■ WHAT IS BEING ASKED ■
Return the data that follows exactly as it appears. Pictures do not belong in the copy.

■ SUPPLIED INFORMATION ■
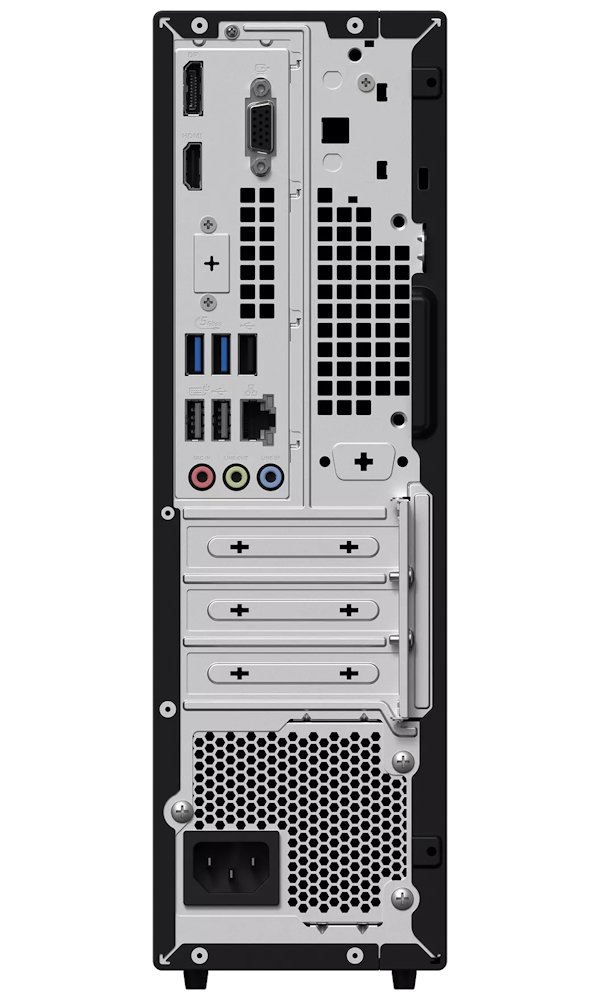 Zadní panel obsahuje RJ-45 Gigabit Ethernet, HDMI 1.4, VGA, DisplayPort 1.4, 7.1kanálové audio (mikrofon, line-out, line-in), 3× USB 2.0, 2× USB 3.2 Gen1 a FLEX I/O port (HDMI 2.1 TMDS). Přední panel nabízí 3,5mm combo audio jack, sluchátka, 2× USB 2.0, 1× USB-C 3.2 Gen2, 2× USB 3.2 Gen2 a čtečku SD/MMC karet.
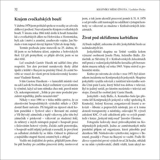 Rád bych, aby se moje nesnadno vznikající kniha stala svědectvím doby, kterou jsem prožil. Mnohé z toho je neopakovatelné (doufám). Tak jako krápníky jsou svědectvím přírodních dějů, tak by i tahle knížka měla být malým střípkem v obraze doby, kterou jsme prožili.
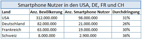 Die Entwicklung der Smartphone Nutzerzahlen nimmt in unseren Breiten im Vergleich zu den USA enorm zu. In Deutschland, Frankreich, der Schweiz und den USA sehen die aktuellen Zahlen folgendermaßen aus (in Relation gesetzt mit den tatsächlichen und aktuellen Bevölkerungszahlen in den jeweiligen Ländern):
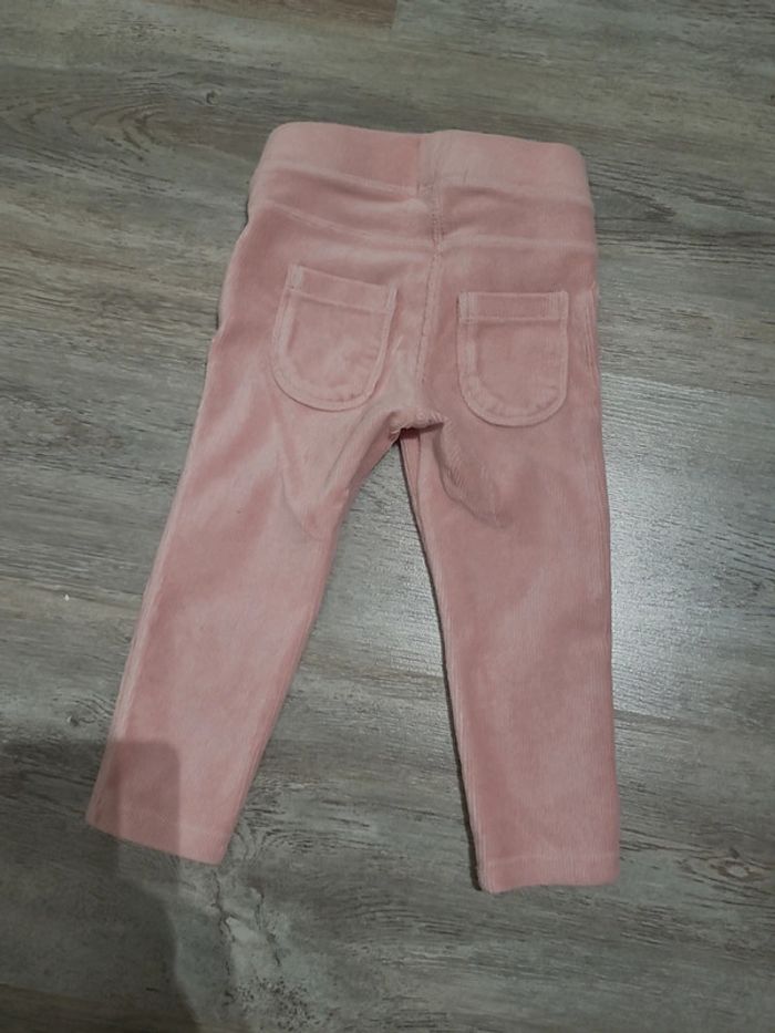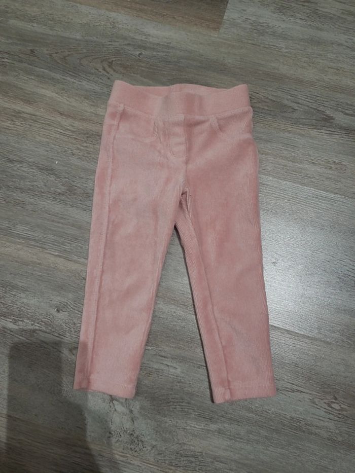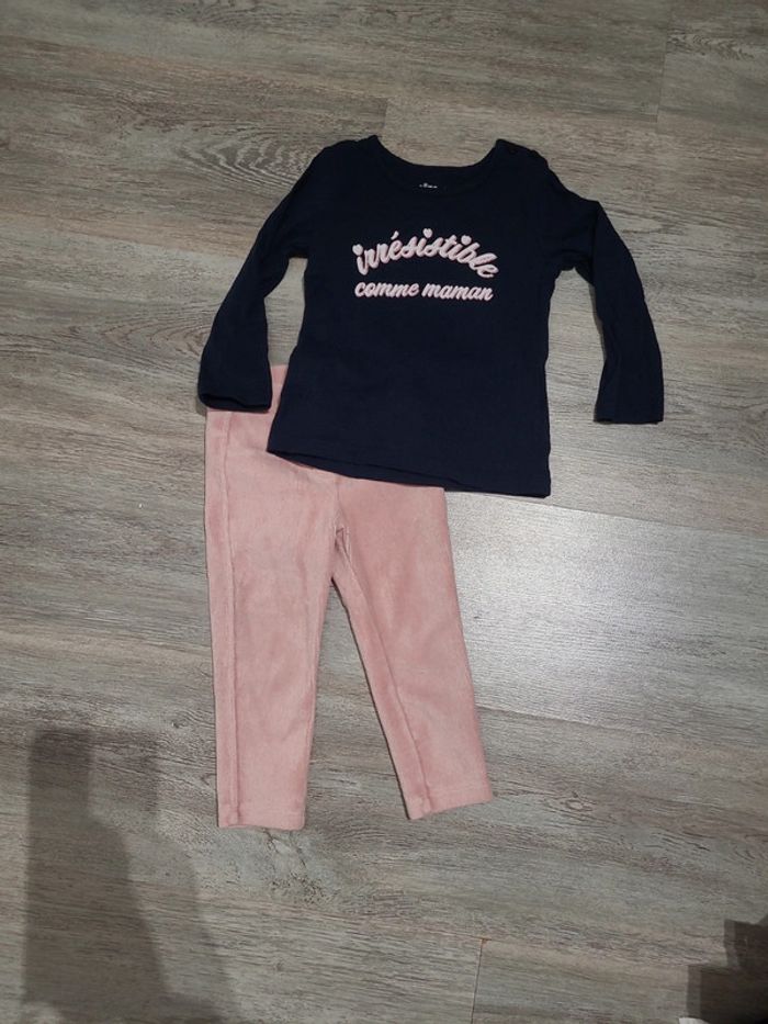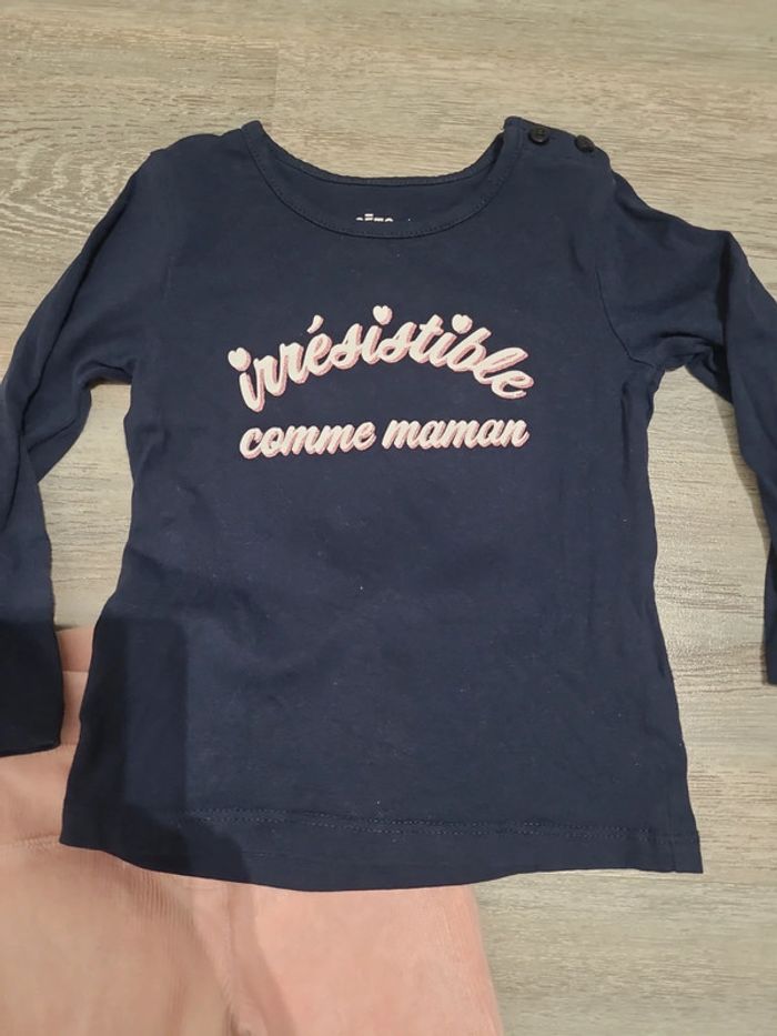 Ensemble comprenant 1 pantalon en velours rose taille élastique et 1 tee shirt manches longues bleu marine avec écriture à paillettes Taille 18 mois

■ SOLVED PROBLEM ■
 Zadní panel obsahuje RJ-45 Gigabit Ethernet, HDMI 1.4, VGA, DisplayPort 1.4, 7.1kanálové audio (mikrofon, line-out, line-in), 3× USB 2.0, 2× USB 3.2 Gen1 a FLEX I/O port (HDMI 2.1 TMDS). Přední panel nabízí 3,5mm combo audio jack, sluchátka, 2× USB 2.0, 1× USB-C 3.2 Gen2, 2× USB 3.2 Gen2 a čtečku SD/MMC karet.
 Rád bych, aby se moje nesnadno vznikající kniha stala svědectvím doby, kterou jsem prožil. Mnohé z toho je neopakovatelné (doufám). Tak jako krápníky jsou svědectvím přírodních dějů, tak by i tahle knížka měla být malým střípkem v obraze doby, kterou jsme prožili.
 Die Entwicklung der Smartphone Nutzerzahlen nimmt in unseren Breiten im Vergleich zu den USA enorm zu. In Deutschland, Frankreich, der Schweiz und den USA sehen die aktuellen Zahlen folgendermaßen aus (in Relation gesetzt mit den tatsächlichen und aktuellen Bevölkerungszahlen in den jeweiligen Ländern):
 Ensemble comprenant 1 pantalon en velours rose taille élastique et 1 tee shirt manches longues bleu marine avec écriture à paillettes Taille 18 mois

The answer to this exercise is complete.